K2Cr2O7 + 6NaI + 7H2SO4 --> Cr2(SO4)3 + 3I2 + 7H2O + 3Na2SO4 + K2SO4
Part1: You want to produce 1g of I2. The molecular mass of I2 is 2*126.90447g/mol = 253.80894/mol
1g I2 * (1mol / 253.80894g) = 0.00393997154mol I2
Now, using the balanced chemical equation, you can convert moles of I2 to moles of K2Cr2O7
0.00393997154mol I2 * (1mol K2Cr2O7 / 3mol I2) = 0.00131332385mol K2Cr2O7
Now, convert the moles of K2Cr2O7 back to mass, using its molecular mass 294.1846 g/mol.
0.00131332385mol K2Cr2O7 * (294.1846 g/mol) = 0.386359651g K2Cr2O4.
Part2: I'm going to assume the chemical reaction is Na + H2O --> NaOH + H2. Balancing this gives
2Na + 2H2O --> 2NaOH + H2
Since you have excess water, sodium is the limiting reagent.
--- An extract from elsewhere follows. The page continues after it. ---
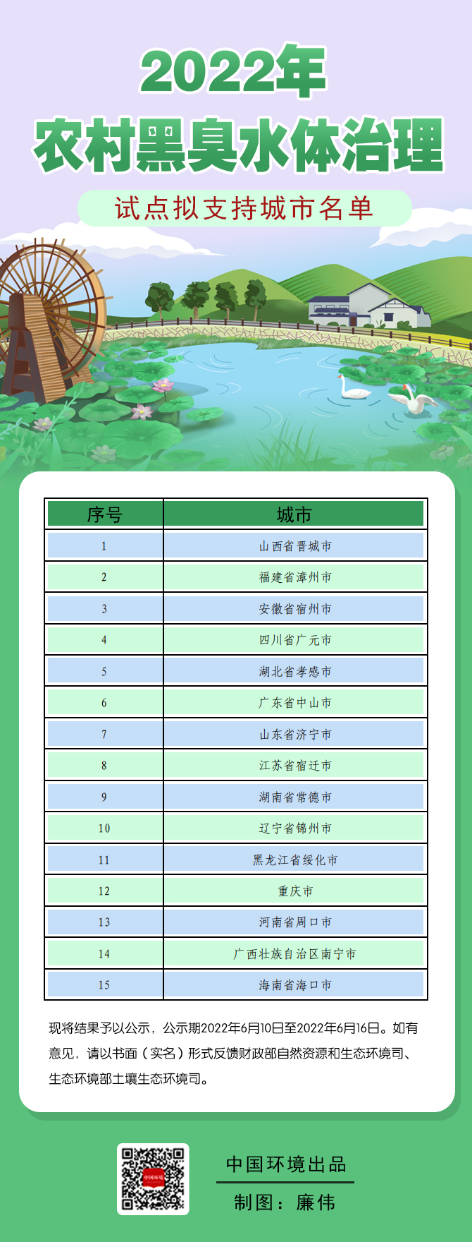 根據(jù)競爭性評審結果,財政部、生態(tài)環(huán)境部擬將15個城市確定為2022年支持的農(nóng)村黑臭水體治理試點城市,2022年6月10日至2022年6月16日為公示期。期間如有意見,請以書面(實名)形式反饋財政部自然資源和生態(tài)環(huán)境司、生態(tài)環(huán)境部土壤生態(tài)環(huán)境司。

Its molecular mass is 22.99g/mol.
25g Na * (1mol / 22.99g) = 1.08742932mol Na.
Converting this to moles of Hydrogen gas using the equation, we get
1.08742932mol Na * (1mol H2 / 2 mol Na) = 0.54371466mol H2.
This is the theoretical yield.
Keeping this in mind for later, let's get the actual yield. Use the following equation, using the constant R=0.0821 and keeping in mind that NTP (Normal Temperature and Pressure) is equal to 293K and 1atm, respectively:
(1)(15.5) = n(0.0821)(293)
n = 15.5 / (0.0821 * 293) = 0.644348647mol H2
So, theoretical percentage yield refers to actual yield over theoretical yield.
If we crunch the numbers, TPY = (0.644348647/0.54371466) * 100% = 118.508603% yield.
It is strange that the percent yield is over 100%. I could have made an error, but I did my best to check my work.